Material provided>
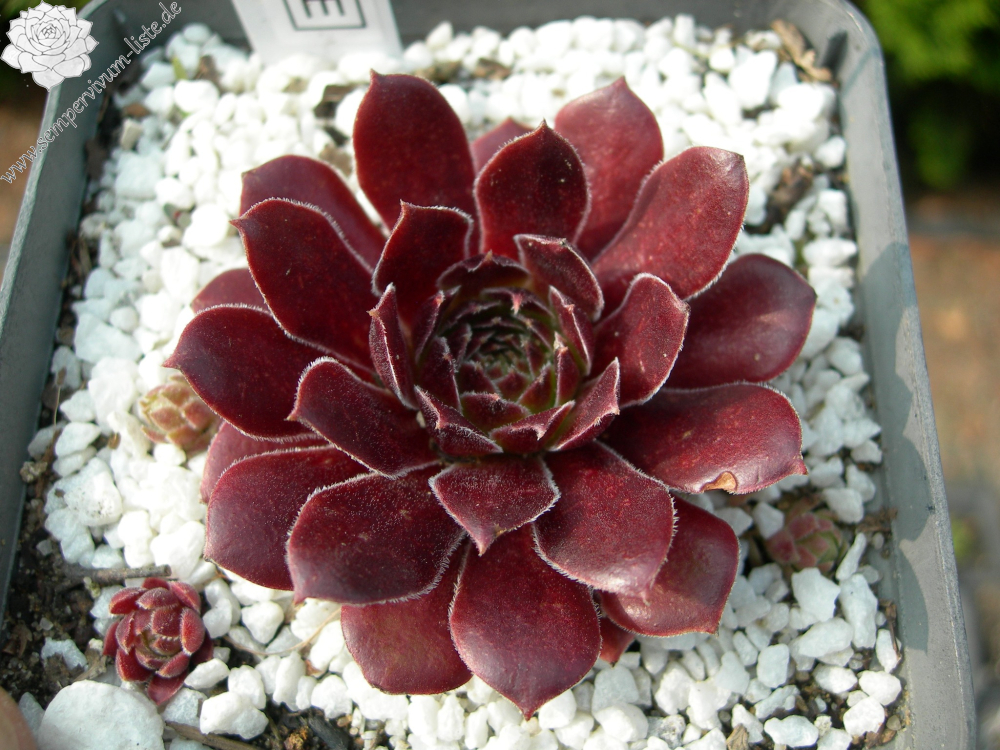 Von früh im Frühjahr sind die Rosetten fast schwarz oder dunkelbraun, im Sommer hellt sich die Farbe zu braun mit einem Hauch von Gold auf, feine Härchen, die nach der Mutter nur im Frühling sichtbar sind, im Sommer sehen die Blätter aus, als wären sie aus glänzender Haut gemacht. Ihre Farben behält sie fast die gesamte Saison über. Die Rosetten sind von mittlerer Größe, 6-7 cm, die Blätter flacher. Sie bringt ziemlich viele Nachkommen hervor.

--

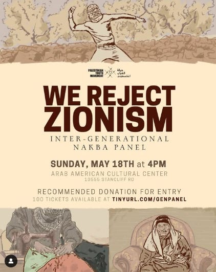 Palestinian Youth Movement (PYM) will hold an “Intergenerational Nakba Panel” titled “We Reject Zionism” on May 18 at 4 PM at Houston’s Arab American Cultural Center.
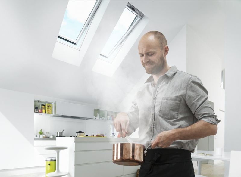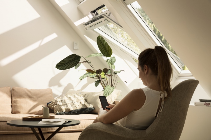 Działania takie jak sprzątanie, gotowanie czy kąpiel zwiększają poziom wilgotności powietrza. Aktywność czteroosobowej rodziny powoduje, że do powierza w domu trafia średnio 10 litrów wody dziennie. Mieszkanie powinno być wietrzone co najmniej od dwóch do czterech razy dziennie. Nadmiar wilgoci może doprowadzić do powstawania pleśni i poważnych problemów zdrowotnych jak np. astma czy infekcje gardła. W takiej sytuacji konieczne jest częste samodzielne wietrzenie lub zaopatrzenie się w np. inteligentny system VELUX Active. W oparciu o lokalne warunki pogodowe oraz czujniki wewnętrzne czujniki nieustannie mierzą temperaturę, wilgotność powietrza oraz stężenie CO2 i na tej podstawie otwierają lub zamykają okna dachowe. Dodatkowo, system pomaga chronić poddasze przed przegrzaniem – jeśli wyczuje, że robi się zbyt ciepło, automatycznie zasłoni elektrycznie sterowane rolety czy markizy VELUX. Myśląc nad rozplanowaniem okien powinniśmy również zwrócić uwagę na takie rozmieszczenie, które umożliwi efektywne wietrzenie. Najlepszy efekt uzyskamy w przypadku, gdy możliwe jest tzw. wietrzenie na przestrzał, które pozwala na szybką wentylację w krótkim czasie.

--

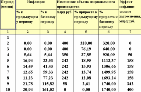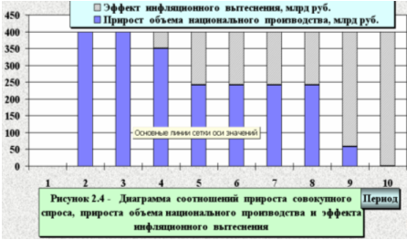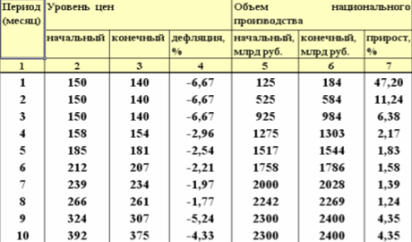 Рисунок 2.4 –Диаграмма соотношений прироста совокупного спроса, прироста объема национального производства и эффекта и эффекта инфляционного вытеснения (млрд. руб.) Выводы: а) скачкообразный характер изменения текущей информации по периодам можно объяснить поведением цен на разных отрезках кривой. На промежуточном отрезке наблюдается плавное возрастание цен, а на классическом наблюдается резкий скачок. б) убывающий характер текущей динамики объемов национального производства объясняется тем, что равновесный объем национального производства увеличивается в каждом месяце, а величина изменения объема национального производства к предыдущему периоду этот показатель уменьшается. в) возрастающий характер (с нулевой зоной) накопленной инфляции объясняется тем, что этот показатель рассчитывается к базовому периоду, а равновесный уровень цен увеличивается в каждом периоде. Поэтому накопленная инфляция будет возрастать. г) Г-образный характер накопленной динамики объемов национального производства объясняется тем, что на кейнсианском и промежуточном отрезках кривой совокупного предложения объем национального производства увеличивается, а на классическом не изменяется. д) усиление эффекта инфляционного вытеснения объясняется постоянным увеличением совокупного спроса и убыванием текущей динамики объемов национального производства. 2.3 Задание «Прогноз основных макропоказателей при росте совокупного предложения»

Directions> Print, exactly and with no pictures, the lines of the listing above starting at the one that has "Palestinian Youth Movement" and ending at the one that has "Działania takie jak", both included.

Task output>
 Palestinian Youth Movement (PYM) will hold an “Intergenerational Nakba Panel” titled “We Reject Zionism” on May 18 at 4 PM at Houston’s Arab American Cultural Center.
 Działania takie jak sprzątanie, gotowanie czy kąpiel zwiększają poziom wilgotności powietrza. Aktywność czteroosobowej rodziny powoduje, że do powierza w domu trafia średnio 10 litrów wody dziennie. Mieszkanie powinno być wietrzone co najmniej od dwóch do czterech razy dziennie. Nadmiar wilgoci może doprowadzić do powstawania pleśni i poważnych problemów zdrowotnych jak np. astma czy infekcje gardła. W takiej sytuacji konieczne jest częste samodzielne wietrzenie lub zaopatrzenie się w np. inteligentny system VELUX Active. W oparciu o lokalne warunki pogodowe oraz czujniki wewnętrzne czujniki nieustannie mierzą temperaturę, wilgotność powietrza oraz stężenie CO2 i na tej podstawie otwierają lub zamykają okna dachowe. Dodatkowo, system pomaga chronić poddasze przed przegrzaniem – jeśli wyczuje, że robi się zbyt ciepło, automatycznie zasłoni elektrycznie sterowane rolety czy markizy VELUX. Myśląc nad rozplanowaniem okien powinniśmy również zwrócić uwagę na takie rozmieszczenie, które umożliwi efektywne wietrzenie. Najlepszy efekt uzyskamy w przypadku, gdy możliwe jest tzw. wietrzenie na przestrzał, które pozwala na szybką wentylację w krótkim czasie.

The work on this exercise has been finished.